# Devastated!!



## FirstTimeVizsOwners (Dec 29, 2014)

Hello everyone! I'm writing this with an extremely heavy heart and beyond devastated that we lost our Jake yesterday afternoon. I feel so lost!! Jake had spent all day with my husband traveling to run errands for the farm and playing in our big yard all afternoon. We were in the process of training him on our invisible fence. We have seasonal neighbors who came out for the first time this year across the street. Jake darted across the road to meet them and was hit by a car. i am crushed!!! Please tell me this gets better. I feel like I'll never get a puppy as wonderful and perfect as him....I Don't know if I'll ever be ready. I've already contacted the breeder as I kept very close contact with him. I'm so worried that he's going to think we are awful and not want to sell us another pup if/when we are ever ready again. I'm just so, so sad.......I wanted to thank all of you for your advice prior to and while we had Jake!!


----------



## hobbsy1010 (Jun 4, 2011)

Hi FTVO,

That's really sad news and a truly awful way to loose your pup and family member. :'(

I have no words to relay to you at this sad time that would comfort you and your family after your sad loss.

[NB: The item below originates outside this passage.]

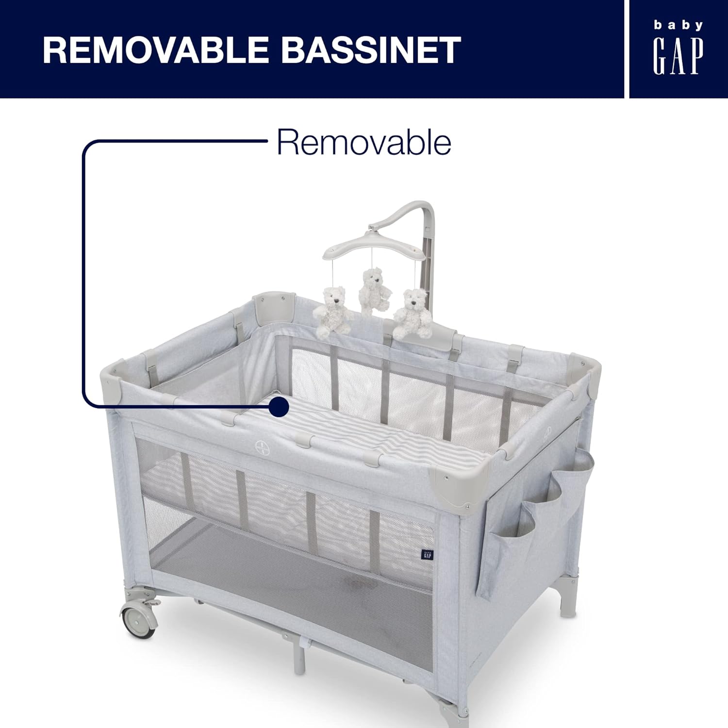 • Includes removable bassinet

Take sometime out before pursuing another pup to fill the void. Reflect and remember the good times and experiences with Jake and when the time is right for you and family, maybe start the search for a new V.

Stay Strong

Hobbsy


----------



## texasred (Jan 29, 2012)

I'm so sorry for your loss, and the grieving process is going to take some time. There is nothing wrong with being sad, and shedding a tear over losing your sweet boy.
I doubt the breeder would think your awful. He will probably be sad for, and with you.


----------



## mswhipple (Mar 7, 2011)

Please accept my sincere condolences. How tragic! :'(


----------



## tknafox2 (Apr 2, 2013)

I am so so sad and sorry... 
I feel crushed by this news, all I can do is pray for your peace of mind and heart. 
I will send you positive healing energy .
We will miss Jake too..


----------



## Hbomb (Jan 24, 2012)

What a horrible thing to happen..really sorry to hear about it. 
Thinking of you.


----------



## ajcoholic (Feb 11, 2015)

Very very sorry to read this... There isn't much to relieve the grief but if it's any help time does ease it a wee bit. I still tear up when I think of my Gibson 3 months ago. 

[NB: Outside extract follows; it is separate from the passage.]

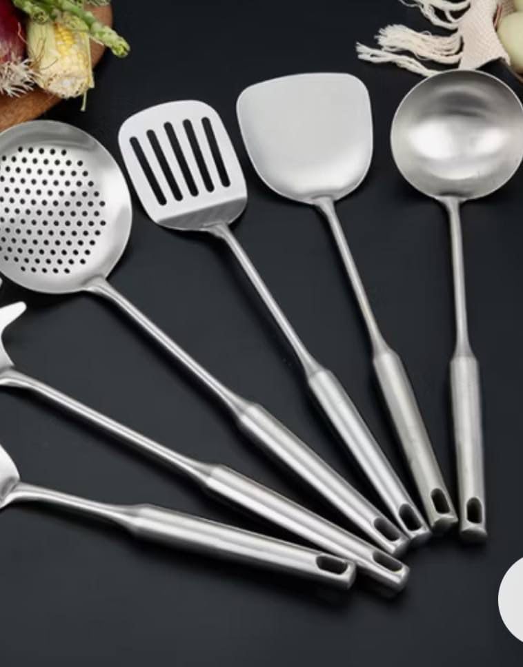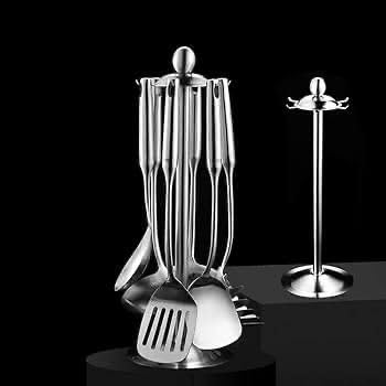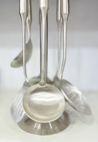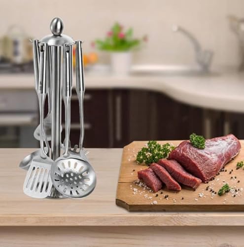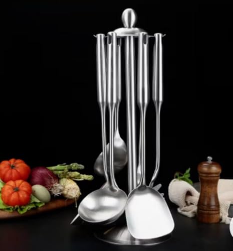 - Complete cooking set includes: slotted spoon, serving spoon, soup ladle, spaghetti spoon, spaghetti spoon, spoon, whisk + 360° rotating stand

I found sharing stories and talking about him as well as looking at photos helped an awful lot.


----------



## FirstTimeVizsOwners (Dec 29, 2014)

You all are so wonderful. This forum has felt like a personal community since before we got Jake, while we had him, and now. Thank you all for the comforting thoughts!! I was somewhat worried prior to getting Jake if a Vizsla would be the best fit for me. I now know the way of life with a V is the only way for us! Although our hearts still ache and will for a while and another sweet boy will not replace Jake, we will welcome another one into our family who will be just as wonderful. This is a comfort to me. Again, thank you all!! And I will be in touch.


----------



## MCD (May 4, 2013)

I am so sorry to hear of your loss and the way in which it happened. Our thoughts and prayers are with you. Time will heal, and you will have pictures and fond memories. Just know that Jake was one of a kind. Take care.
Marcia and Dharma


----------



## sarabean415 (May 2, 2015)

I am so deeply saddened to hear about the loss of your baby boy. Words can't even express the pain that comes along with it. I pray with each new day it gets a little easier. You are not horrible puppy parents and I think getting a pup from the same parents will be softening to your hearts.


----------



## harrigab (Aug 21, 2011)

so very sad to hear this, poor Jake and poor you. We very nearly had a similar experience this week when neighbours kid came round to play with my two kids, he left front garden gate and side gate open, it was only because I was in the hallway and saw a flash of ginger by the front door window and shot out of the door just in time to see both dogs headed towards the front gate,,luckily Ruby was in front and a quick rather panicked "Ruby, heel!" got them both back, it's only a very narrow lane outside our front gate but a lot of couriers use it as a rat run between two major trunk roads. We were lucky, so very sad that poor Jake didn't have the same luck.


----------



## Vizsladad (Nov 21, 2013)

I am deeply saddend for you and your family, I can onlyhope that you are able to move forward withthe thoughs of good times that you had, 

We are sending you good thoughts and prayers for you and your family.

hugs fom all of us to you

Dave, Jane, Volt, and Casey


----------



## Eddiemoto (May 4, 2013)

I can only offer hugs.


----------



## jpk (Jul 18, 2013)

I'm so sorry for your loss. We lost our V after 13 years, it was one of the hardest things for our family. It took a couple of months before we had our next V puppy. From my experience, a puppy will help.


----------